"Makanlah kau", kata Inang setelah aku selesai mengganti seragam sekolahku dengan pakaian sehari-hari.
"Iya Nang, cepatnya aku makan, siap-siaplah Inang", sahutku cepat-cepat ke dapur mengambil piring. Aku sendok nasi dari dalam ricecooker, indahan-sigambiri, uap panasnya mengepul. Mamak hari ini menggoreng ikan mujahir yang kemarin bapak pancing dari kolam ikan kami. Ada daun ubi tumbuk pakai rimbang. Aku cepat-cepat makan sambil membayangkan buah-buah kopi yang akan segera kami panen.
"Nggak bisa bapakmu ngantar kita ke ladang da", kata Inang, "jalanlah kita dari Sekdam".
"Nggak apa-apanya itu Inang", kubilang. Bapak dan mamak sedang repot di Sidompak, di ladang yang arahnya berlawanan dengan ladang yang aku dan Inang akan datangi sore itu.
"Kata bapakmu ge, nanti sore pun nggak sempat dia menjemput kita ke ladang, jadi kita harus pulang sendiri", kata Inang lagi saat kami sudah melangkah ke luar dari rumah.
"Iya Nang, ayolah", sahutku.
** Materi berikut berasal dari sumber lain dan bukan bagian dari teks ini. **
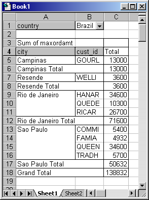 . A simple pivot table.Creating the pivot table in Figure 6 with the help of the Pivot Table object is relatively easy. First you need to open a data source. The name of the table, the database and the fields you want to use must be specified through the appropriate properties of the Pivot Table object. Also, you have to specify which fields to use in the initial table and where to place them. All of this can be done like so:
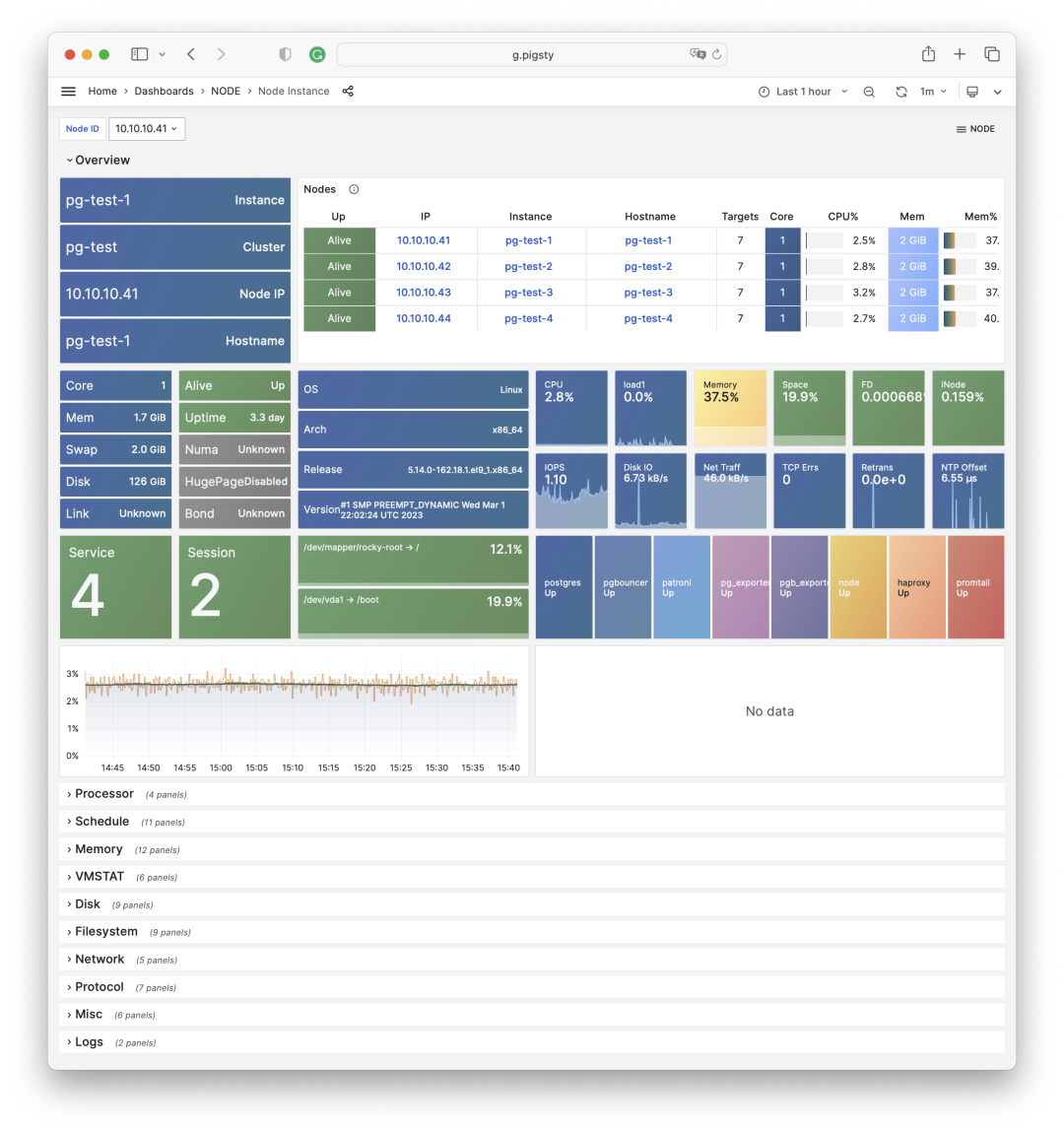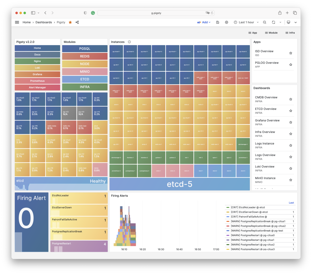 在 Pigsty 中,还有许多关于特定主题的 Dashboard。限于篇幅,关于监控系统的介绍就是这些。最直观的体验方式,就是访问 Pigsty 提供的公开 Demo:http://demo.pigsty.cc ,亲自上手把玩一番。虽然这只是一个4台1C虚拟机的简陋环境,但用来展示Pigsty最基本的监控系统能力已经是足够了。

Bagiku tidak terlalu masalah, sudah biasanya aku jalan.
Inang memang akan sangat terbantu kalau bapak sempat paling tidak menjemput Inang dari ladang di sore hari tetapi jarak antara Sidompak dan Simarbangsi amatlah jauh. Jadi dengan berat hati, terutama kalau pekerjaan bapak di Sidompak sedang repot, bapak bilang, "Nang, pulang sendirilah nanti Inang dari ladang ya, nggak sempat aku lo menjemput, repot kali kerja kami di Sidompak." Kalau bapak kerja di Simarbangsi, Inang memang biasanya pulang dengan bapak belakangan, naik kereta (sepeda motor). Mamak biasanya sudah pulang duluan sama kedua adekku dan aku, Â jalan kaki.
Jarak antara rumah kami dengan Simarbangsi memang lumayan jauh. Jalan kaki lewat Sekdam, itu jalan yang biasanya dilalui kalau tidak naik kendaraan, memerlukan waktu hampir satu jam.
Tiba di ladang, segera kami memetik kopi pakai ember dan tangga besi. Sebagian tangkai-tangkai kopi itu sudah jauh dari permukaan tanah, jadi perlu tangga untuk menjangkaunya.
Memetik buah kopi itu perlu tertib, satu pohon demi satu pohon, dari satu baris ke baris berikutnya. Selama memetik itu, hanya sekali-sekali saja kami mengobrol, itupun aku sudah lupa apa yang kami obrolkan.
Aku senang memetik kopi apalagi kalau pohon kopi itu berbuah lebat. Wah, cantik betul. Jenis kopi yang bagus itu, buahnya cantik. Kalau sudah merah, kulitnya mengkilat. Keindahan warnanya bervariasi mulai dari merah tua di bagian tangkai yang dekat ke pokoknya, lalu merah, kemudian oranye lalu kalau belum semua buah matang, masih ada yang berwarna hijau.